■ Exercise objective ■
Where a picture shows up in the listing below, omit it and output the rest exactly.

■ Data section ■
== == ==
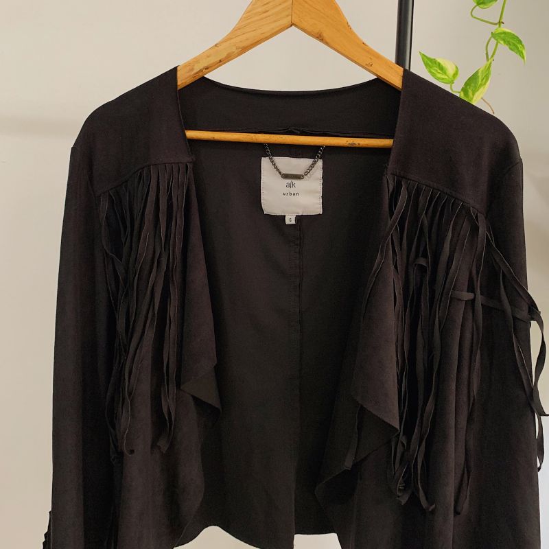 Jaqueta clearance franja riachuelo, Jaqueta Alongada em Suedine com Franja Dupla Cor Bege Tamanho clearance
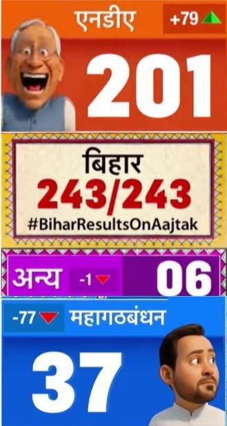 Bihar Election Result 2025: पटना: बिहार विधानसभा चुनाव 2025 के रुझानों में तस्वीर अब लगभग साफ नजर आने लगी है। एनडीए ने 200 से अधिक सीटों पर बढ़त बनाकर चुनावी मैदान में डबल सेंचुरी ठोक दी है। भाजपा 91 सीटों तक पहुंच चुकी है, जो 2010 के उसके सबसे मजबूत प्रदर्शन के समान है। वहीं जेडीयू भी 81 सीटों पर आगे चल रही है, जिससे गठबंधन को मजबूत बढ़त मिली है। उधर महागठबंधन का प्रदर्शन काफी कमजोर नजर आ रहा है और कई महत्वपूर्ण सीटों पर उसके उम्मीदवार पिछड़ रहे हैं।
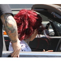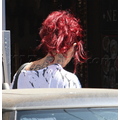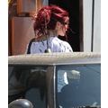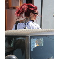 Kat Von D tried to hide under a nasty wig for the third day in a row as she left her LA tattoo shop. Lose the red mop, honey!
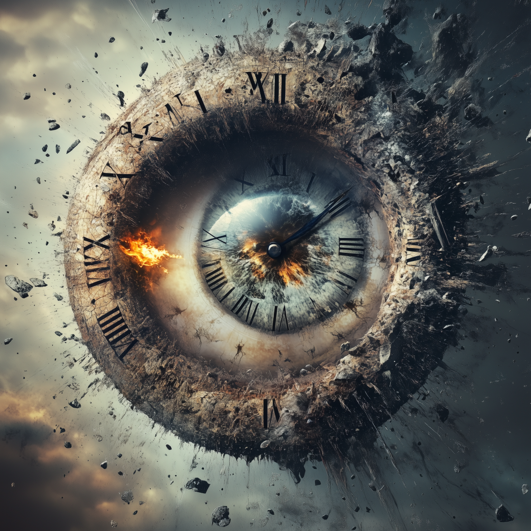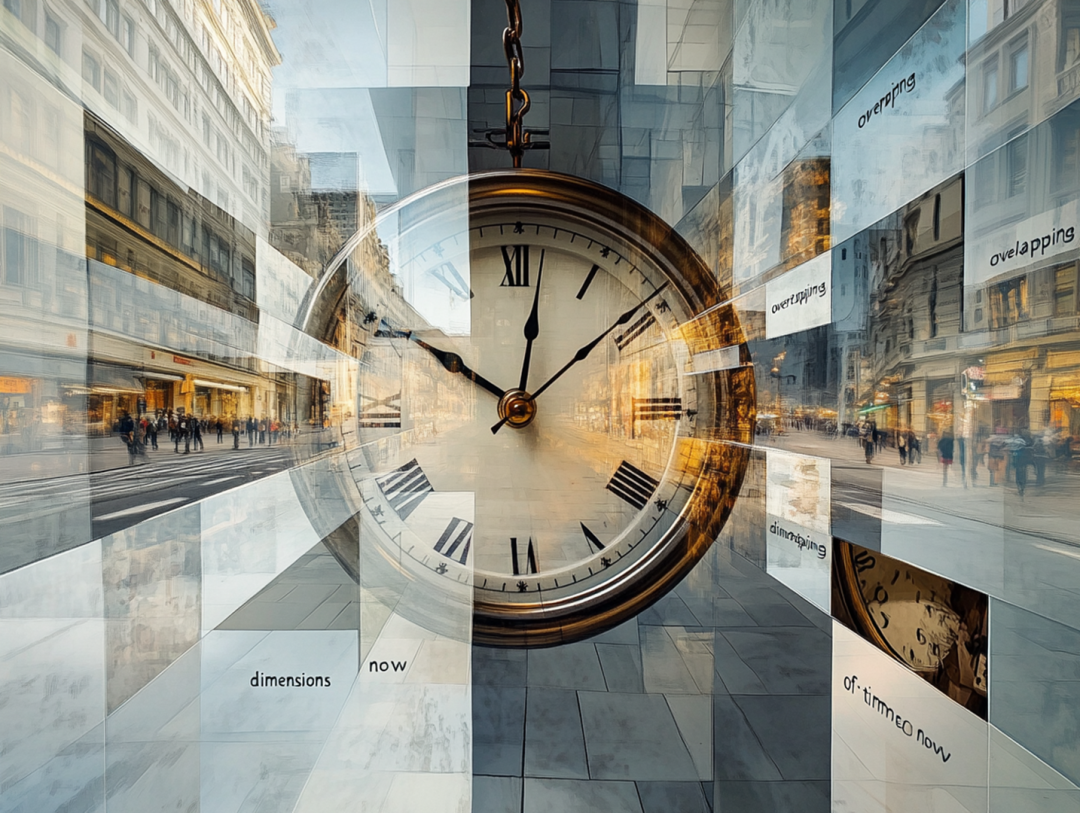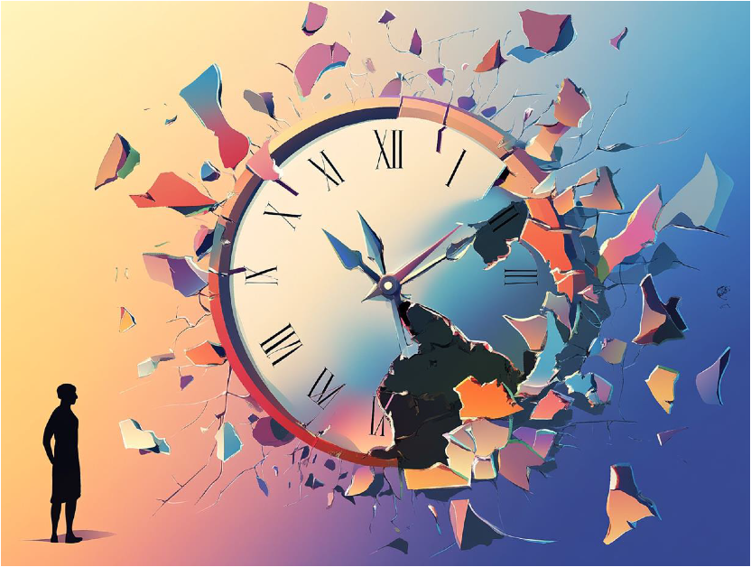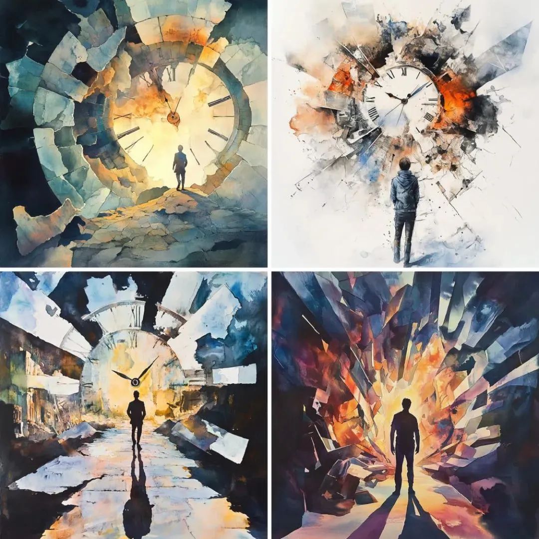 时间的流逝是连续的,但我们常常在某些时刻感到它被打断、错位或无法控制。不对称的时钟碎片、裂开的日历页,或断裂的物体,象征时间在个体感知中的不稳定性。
== == ==
■ Result for this exercise ■
 Jaqueta clearance franja riachuelo, Jaqueta Alongada em Suedine com Franja Dupla Cor Bege Tamanho clearance
 Bihar Election Result 2025: पटना: बिहार विधानसभा चुनाव 2025 के रुझानों में तस्वीर अब लगभग साफ नजर आने लगी है। एनडीए ने 200 से अधिक सीटों पर बढ़त बनाकर चुनावी मैदान में डबल सेंचुरी ठोक दी है। भाजपा 91 सीटों तक पहुंच चुकी है, जो 2010 के उसके सबसे मजबूत प्रदर्शन के समान है। वहीं जेडीयू भी 81 सीटों पर आगे चल रही है, जिससे गठबंधन को मजबूत बढ़त मिली है। उधर महागठबंधन का प्रदर्शन काफी कमजोर नजर आ रहा है और कई महत्वपूर्ण सीटों पर उसके उम्मीदवार पिछड़ रहे हैं।
 Kat Von D tried to hide under a nasty wig for the third day in a row as she left her LA tattoo shop. Lose the red mop, honey!
 时间的流逝是连续的,但我们常常在某些时刻感到它被打断、错位或无法控制。不对称的时钟碎片、裂开的日历页,或断裂的物体,象征时间在个体感知中的不稳定性。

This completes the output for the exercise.